• _What is required_:
Here is a listing. Write it all out again exactly, but not its pictures.

• _Given material_:
*** Begin section ***

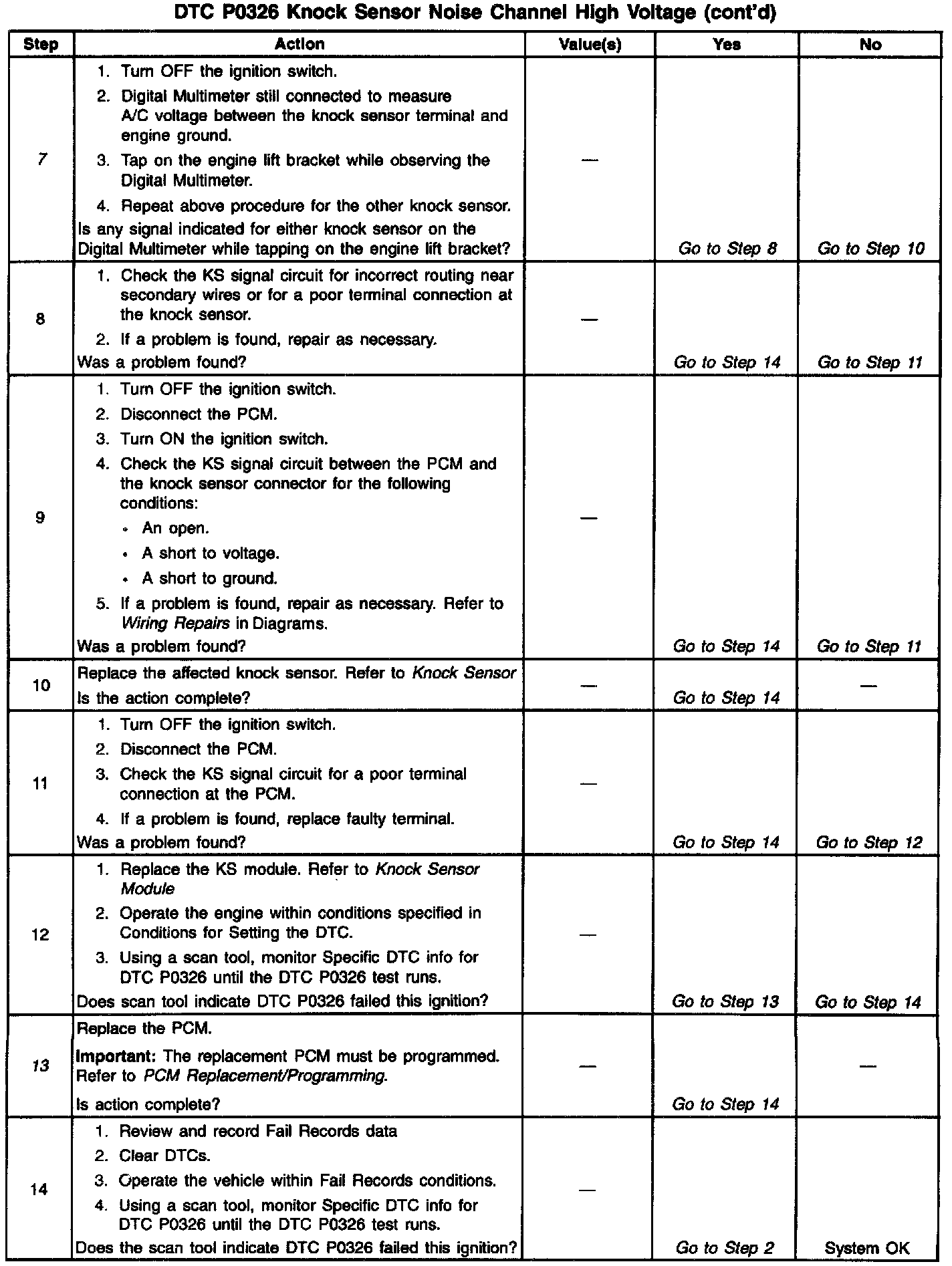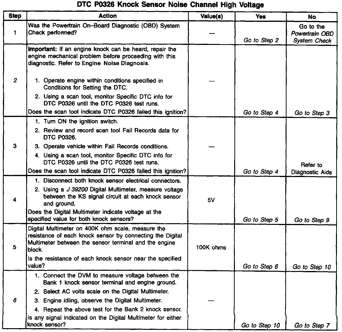 The PCM determines whether the knock sensors and related wiring are operating properly by monitoring the voltage level on the noise channel. The noise channel allows the PCM to diagnose the KS system by allowing the PCM to learn the amount of normal engine mechanical noise present. Normal engine noise varies depending on engine speed and load. When the PCM determines that an abnormally high noise channel voltage level is being experienced, a DTC P0326 will set.
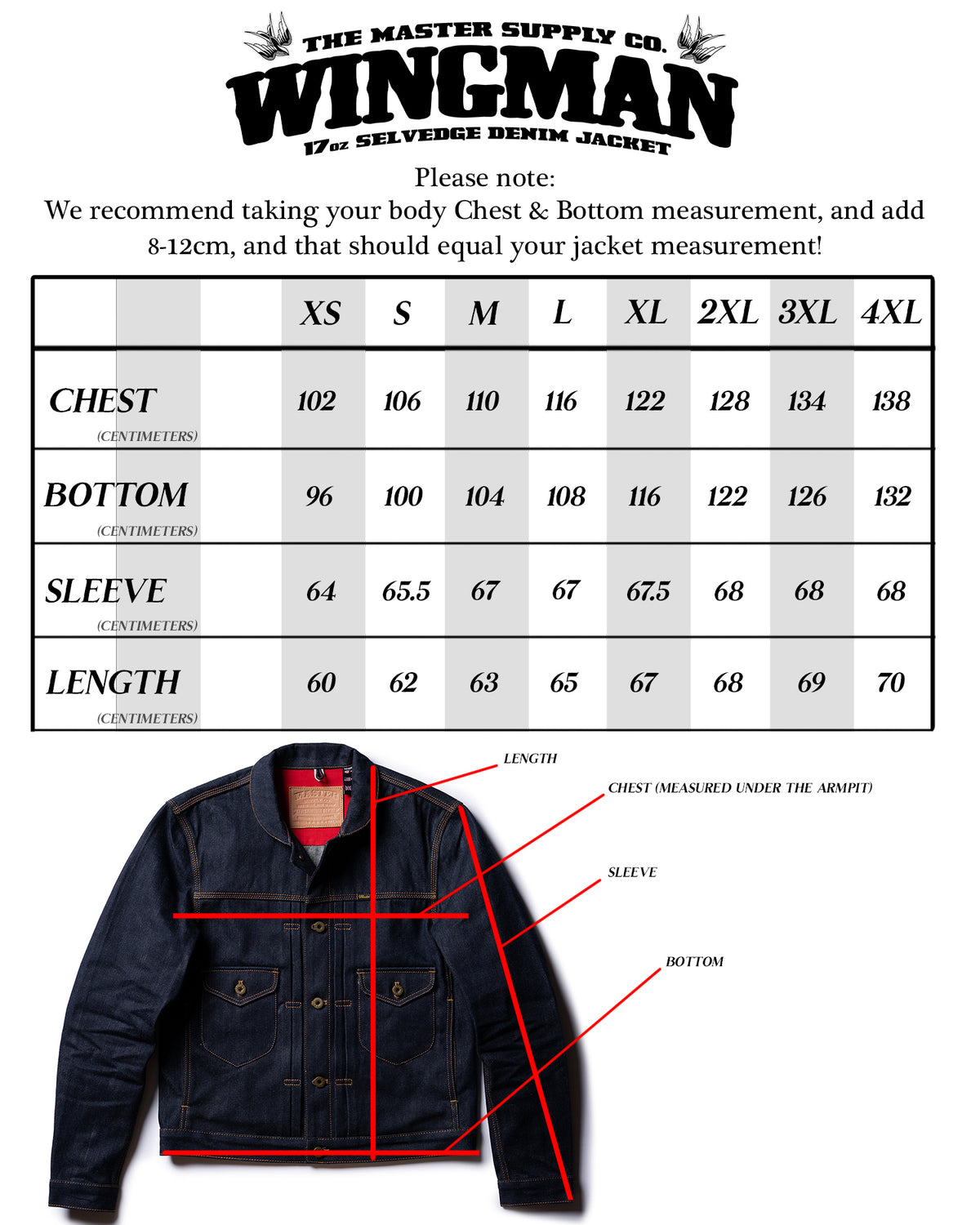 For the most accurate fit, we highly recommend having someone assist you when taking your body measurements. Accurate measurements are crucial to achieving the intended fit across all Master Supply Co. styles.
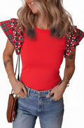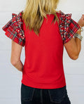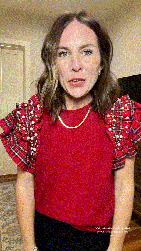 The cutest holiday top for the season. A relaxed fit classic red body with holiday plaid ruffle sleeves and pearl embellishment details. This is such a great top for any holiday festivity. Pair it with jeans for a casual statement, or dress it up with a skirt and heels for instant glam.
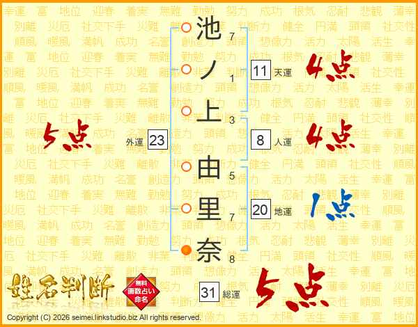 池(7画)ノ(1画)上(3画) 由(5画)里(7画)奈(8画)

*** End section ***

• _Exercise solution_:
 The PCM determines whether the knock sensors and related wiring are operating properly by monitoring the voltage level on the noise channel. The noise channel allows the PCM to diagnose the KS system by allowing the PCM to learn the amount of normal engine mechanical noise present. Normal engine noise varies depending on engine speed and load. When the PCM determines that an abnormally high noise channel voltage level is being experienced, a DTC P0326 will set.
 For the most accurate fit, we highly recommend having someone assist you when taking your body measurements. Accurate measurements are crucial to achieving the intended fit across all Master Supply Co. styles.
 The cutest holiday top for the season. A relaxed fit classic red body with holiday plaid ruffle sleeves and pearl embellishment details. This is such a great top for any holiday festivity. Pair it with jeans for a casual statement, or dress it up with a skirt and heels for instant glam.
 池(7画)ノ(1画)上(3画) 由(5画)里(7画)奈(8画)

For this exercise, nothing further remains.